Our village remembers |
Day thirteen, Wednesday 11th November 2020
We will remember them
As 11 o’clock fell in France, our online yoga class took a respectful pause and minute’s silence. Standing quietly on my mat, my eyes were drawn to the small poppy on the spine of The Last Veteran by Peter Parker, sitting amongst books on a similar theme on Adrian’s bookshelf.
Adrian's bookshelf |
Every year our village holds a small ceremony on 11th November at the war memorial in the car park, opposite the church. We have always attended, with Ed, who in recent years has often had the honour of being the village flag bearer. When I was on the council, I introduced the laying of a poppy wreath to sit alongside the fresh flowers from the commune and Ed and I would read out a verse from the war poem For the Fallen by Laurence Binyon.

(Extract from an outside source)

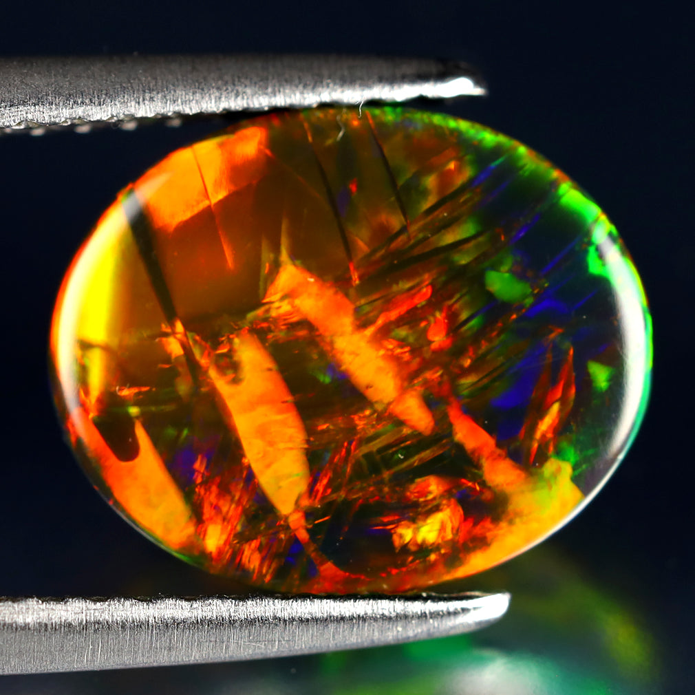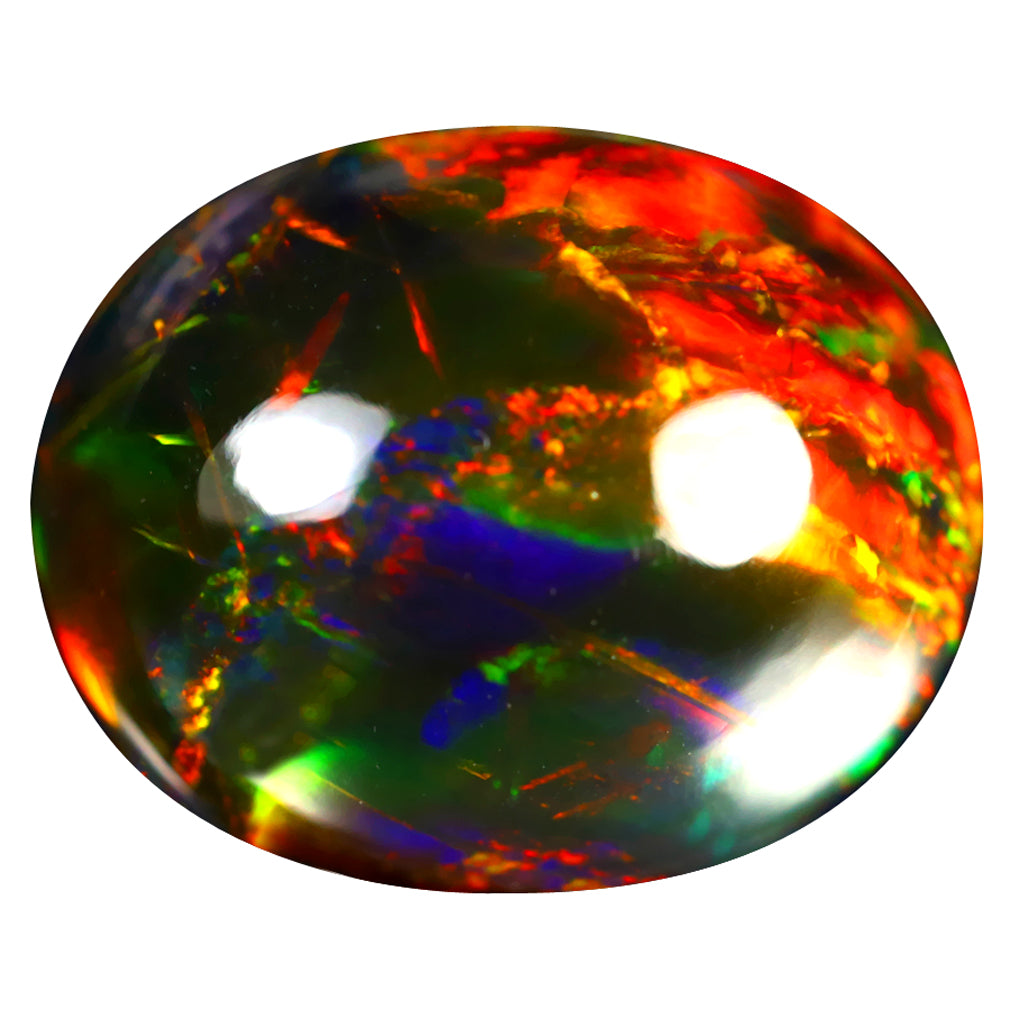 2.19 ct World class Oval Cabochon(11.12 x 9.05 mm)Ethiopian Flashing Black Opal

This morning the Maire and a few others, masked and maintaining safe distances from each other, laid the floral tribute at the base of the memorial. There was no vin d’honneur or aperitif served in the salle des fêtes, and yet another moment where the community would normally come together, passed into Covid-19 obscurity.
Laying the poppy wreath |
We respectfully waited until midday, 11 o’clock in the UK, and then quietly laid the poppy wreath next to the maire’s flowers. There was no audience to hear our poem, nor any French friends or neighbours to need Ed’s translation, but marking the moment still seemed the correct thing to do.
“They shall not grow old, as we that are left grow old:
Age shall not weary them, not the years condemn.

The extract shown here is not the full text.